## Exercise requirements
Set down, word for word, the line with "Het is weer" and the lines after it through the final line of the data below, without pictures.

═════ Provided material ═════

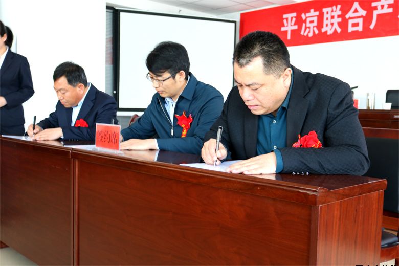 儀式現(xiàn)場,平?jīng)鍪谐青l(xiāng)建設(shè)投資有限責(zé)任公司黨委副書記、總經(jīng)理唐常寧,甘肅省產(chǎn)權(quán)交易所股份有限公司總經(jīng)理趙永濤,平?jīng)鍪谐青l(xiāng)建設(shè)投資有限責(zé)任公司副總經(jīng)理、平?jīng)雎?lián)合產(chǎn)權(quán)服務(wù)有限公司總經(jīng)理柳振源共同簽署《產(chǎn)權(quán)交易委托框架協(xié)議》。
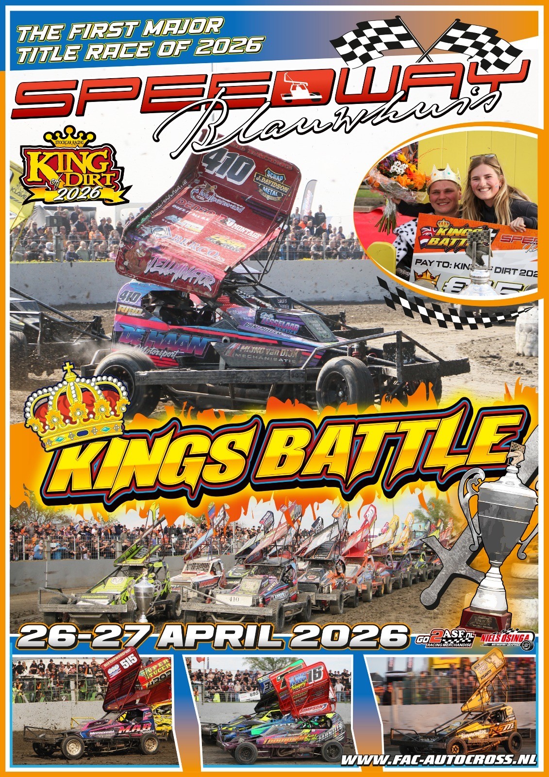 Het is weer tijd voor de KingsBattle. Op zondag 26 april barst het Internationale autosportevement weer los op ons circuit. Het deelnemersveld is dit jaar breder en sterk dan ooit. Aan de start staan: Stockcar F1, Stockcar F2 & FAC1600.
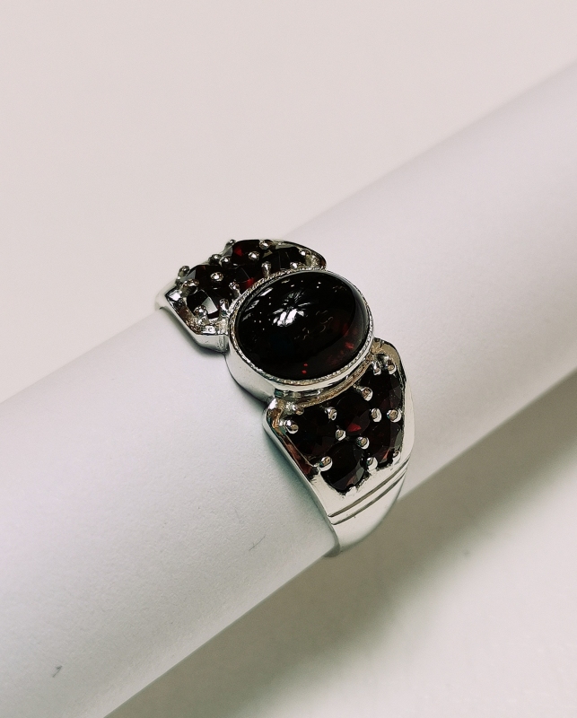 - Stříbrný prsten s českými granáty, rhodiovaný
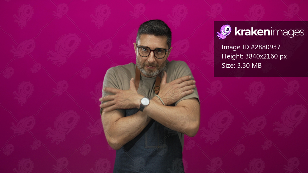 Man wearing denim apron and glasses with crossed arms hugging chest in magenta studio; comfort reflection.

═════

## Task answer
 Het is weer tijd voor de KingsBattle. Op zondag 26 april barst het Internationale autosportevement weer los op ons circuit. Het deelnemersveld is dit jaar breder en sterk dan ooit. Aan de start staan: Stockcar F1, Stockcar F2 & FAC1600.
 - Stříbrný prsten s českými granáty, rhodiovaný
 Man wearing denim apron and glasses with crossed arms hugging chest in magenta studio; comfort reflection.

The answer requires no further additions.